RECORDS SUPPLIED:
========

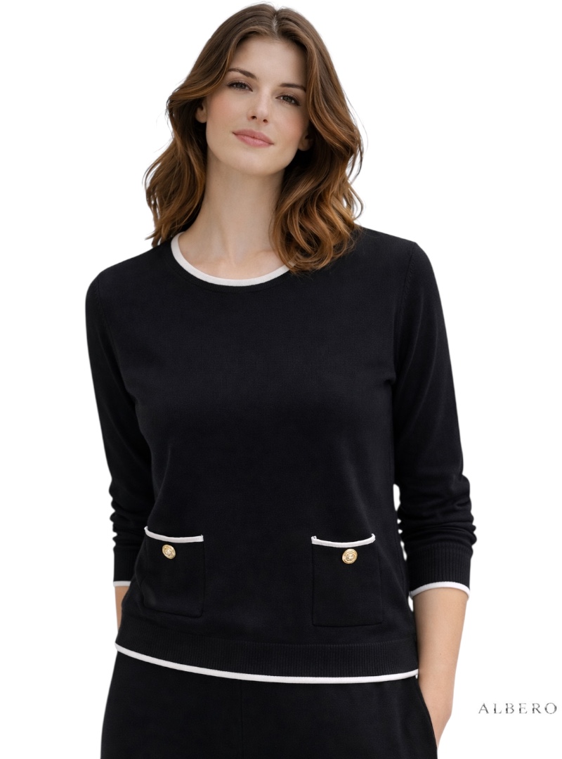 Materiale: Pullover in Maglia GirocolloBordi a contrastoDettaglio con bottoni
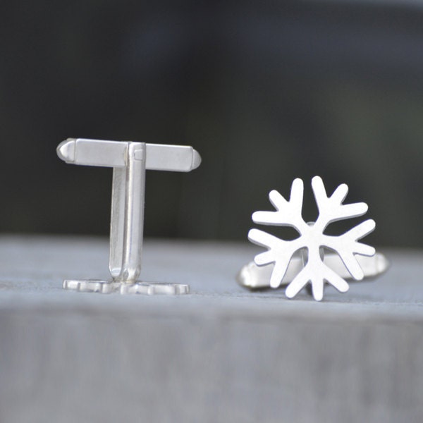 Snowflake Cufflinks in Sterling Silver, Personalized Snowflake Cufflink
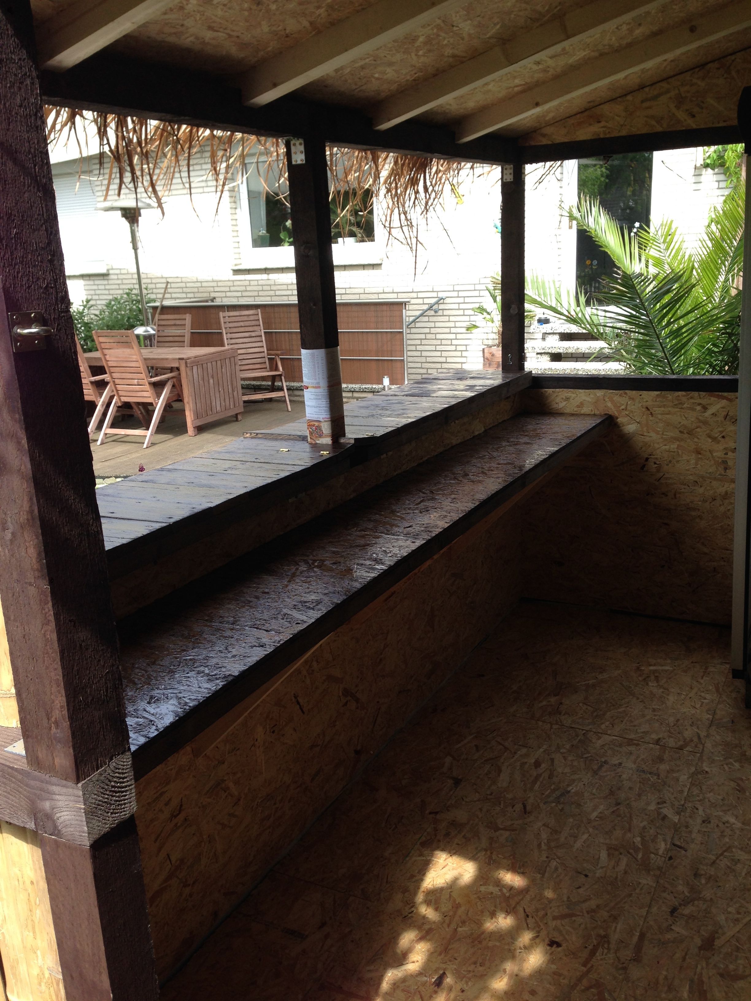 Die Verkleidung: OSB-Platten. Auf dem rechten Bild sieht man die Dacheindeckung aus Palmenblättern (importiert aus Thailand dank eBay...):
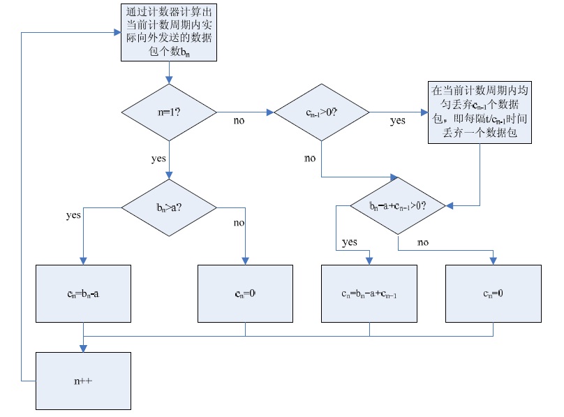 Step3:若cn-1>0,则在当前计数周期内均匀丢弃cn-1个数据包,即每隔t/cn-1时间丢弃1个数据包。转Step4。
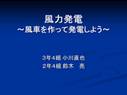 最後になりましたが,僕たちは風車に興味を持ち,そのしくみや発電する方法を知ること,そして実際に自分の手で風車を作ることで電気を起こすことが,...
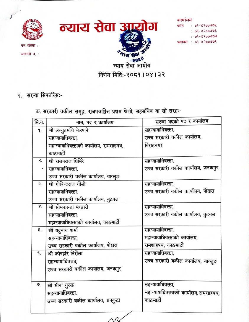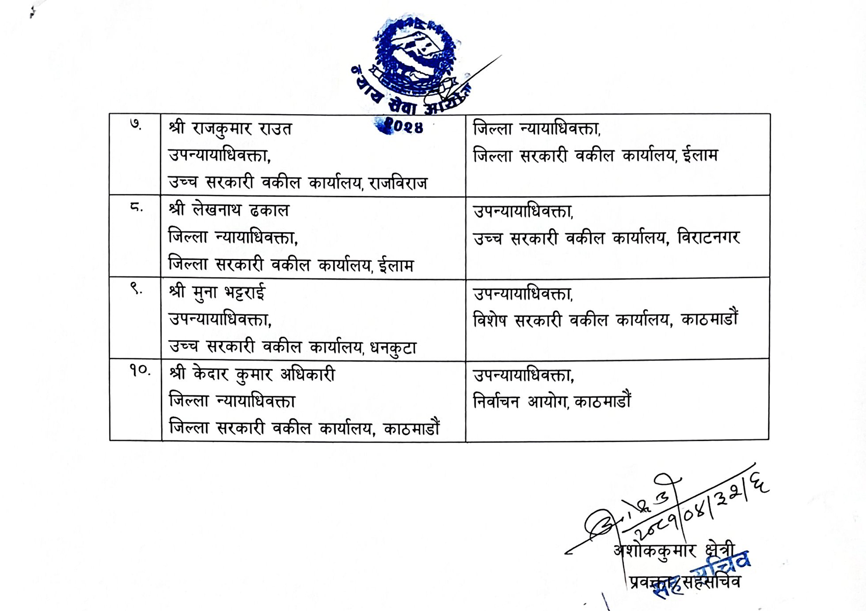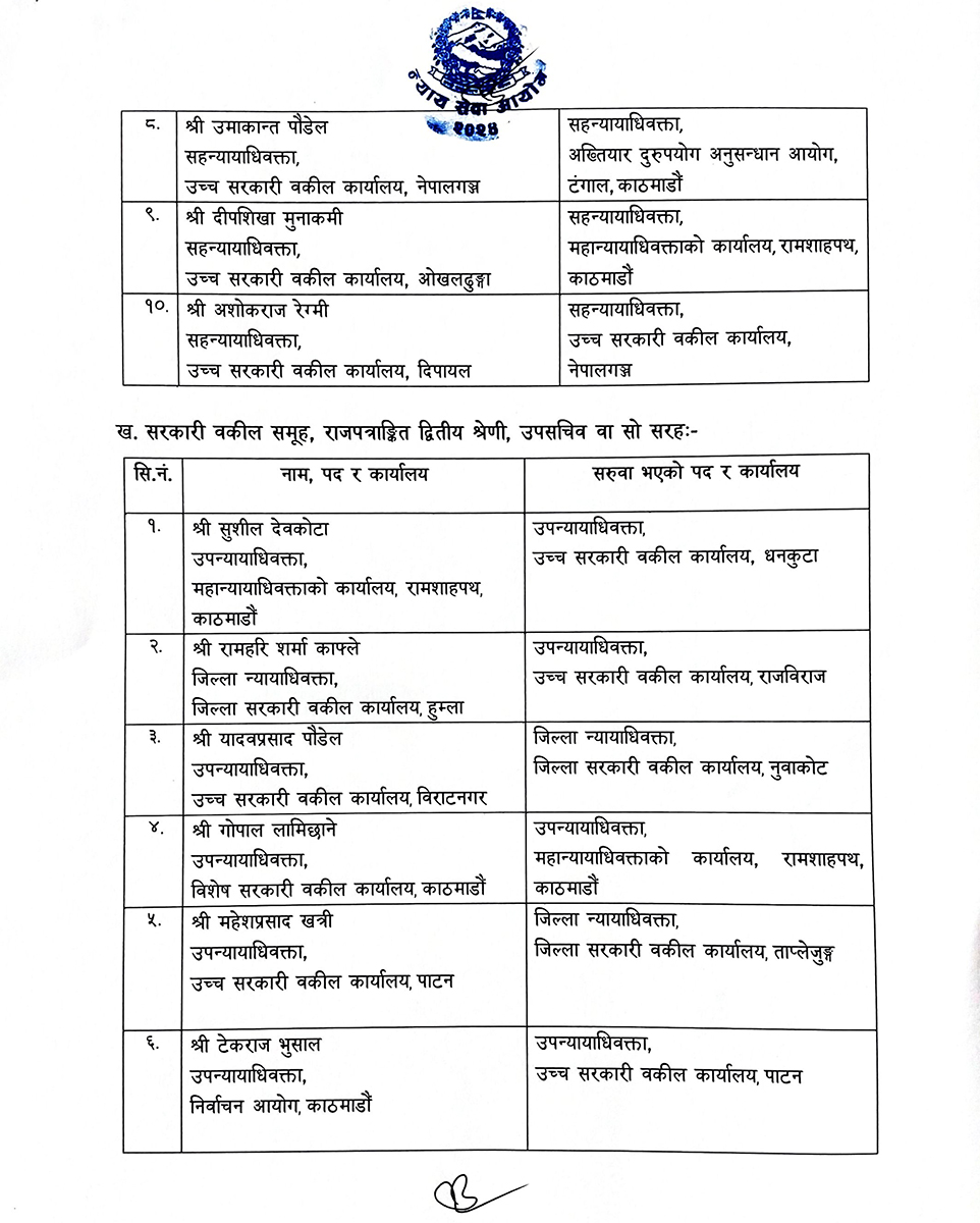 न्याय सेवा आयोगद्वारा सरकारी वकिल समूहका २० कर्मचारीको सरुवा सिफारिस
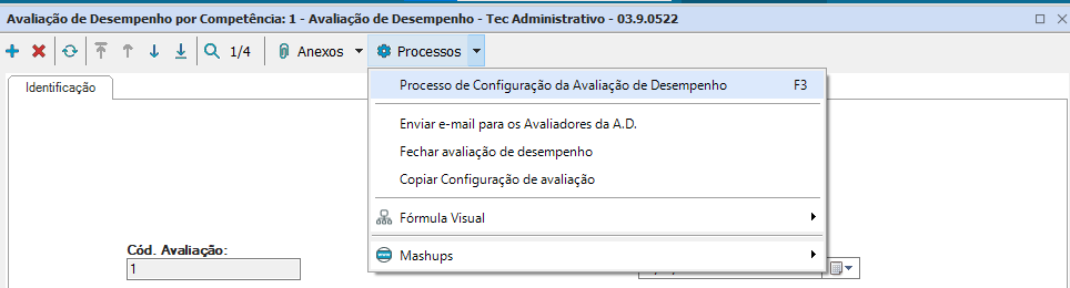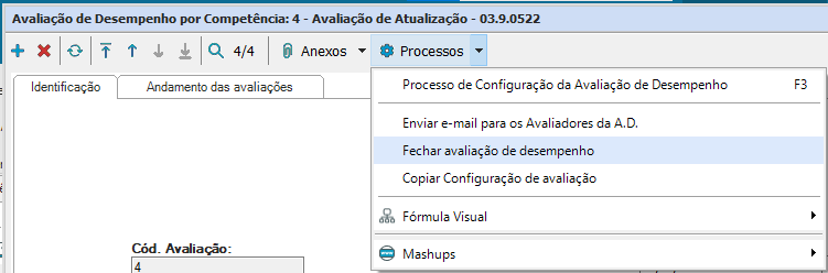 Para fechar uma avaliação de desempenho escolha dentro do cadastro de Avaliação de Desempenho a opção “Processos- Fechar Avaliação de Desempenho”
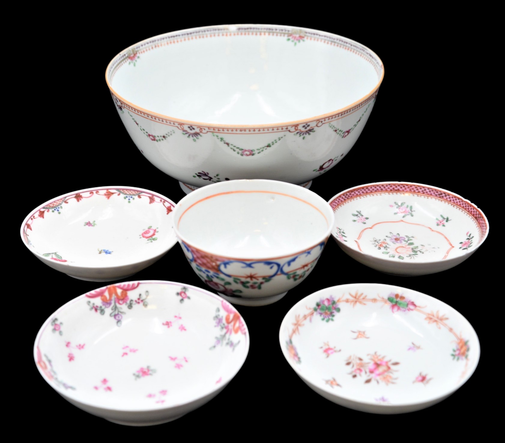Six Piece Chinese Export Porcelain Lot, to include a large bowl, four small dishes, one small bowl, having slight dings, chips, and flakes, diameter 4 1/2 inches – 9 1/8 inches.
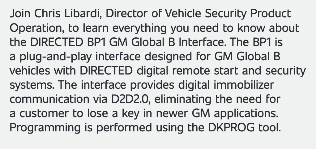 ORLANDO, FL (01.14.26) – Join Directed for a targeted training session designed to help you get up to speed on the new DIRECTED BP1 GM Global B Interface. This session provides practical guidance on system integration, installation efficiencies, and programming workflows.
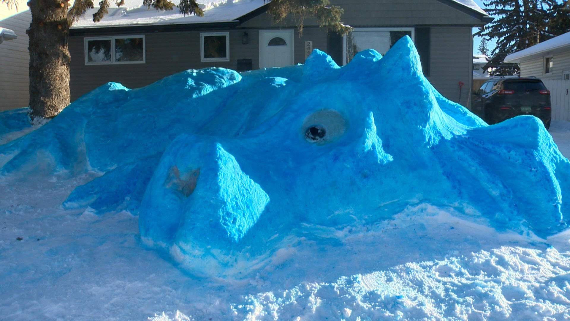“I actually brought two dump trucks full of snow and took some snow from the backyard (and) neighbour’s yards to make him,” said Thompson. “We just haven’t had enough snow so far this year. He breathes fire and his nose smokes this year at night.”
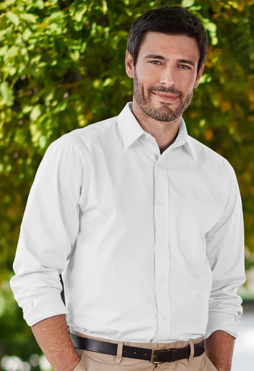 Chemise homme en coton à manches longues et poche. Plus

========

EXERCISE: Except for the pictures, give all the material above again verbatim.

OUTPUT:
 Materiale: Pullover in Maglia GirocolloBordi a contrastoDettaglio con bottoni
 Snowflake Cufflinks in Sterling Silver, Personalized Snowflake Cufflink
 Die Verkleidung: OSB-Platten. Auf dem rechten Bild sieht man die Dacheindeckung aus Palmenblättern (importiert aus Thailand dank eBay...):
 Step3:若cn-1>0,则在当前计数周期内均匀丢弃cn-1个数据包,即每隔t/cn-1时间丢弃1个数据包。转Step4。
 最後になりましたが,僕たちは風車に興味を持ち,そのしくみや発電する方法を知ること,そして実際に自分の手で風車を作ることで電気を起こすことが,...
 न्याय सेवा आयोगद्वारा सरकारी वकिल समूहका २० कर्मचारीको सरुवा सिफारिस
 Para fechar uma avaliação de desempenho escolha dentro do cadastro de Avaliação de Desempenho a opção “Processos- Fechar Avaliação de Desempenho”
Six Piece Chinese Export Porcelain Lot, to include a large bowl, four small dishes, one small bowl, having slight dings, chips, and flakes, diameter 4 1/2 inches – 9 1/8 inches.
 ORLANDO, FL (01.14.26) – Join Directed for a targeted training session designed to help you get up to speed on the new DIRECTED BP1 GM Global B Interface. This session provides practical guidance on system integration, installation efficiencies, and programming workflows.
“I actually brought two dump trucks full of snow and took some snow from the backyard (and) neighbour’s yards to make him,” said Thompson. “We just haven’t had enough snow so far this year. He breathes fire and his nose smokes this year at night.”
 Chemise homme en coton à manches longues et poche. Plus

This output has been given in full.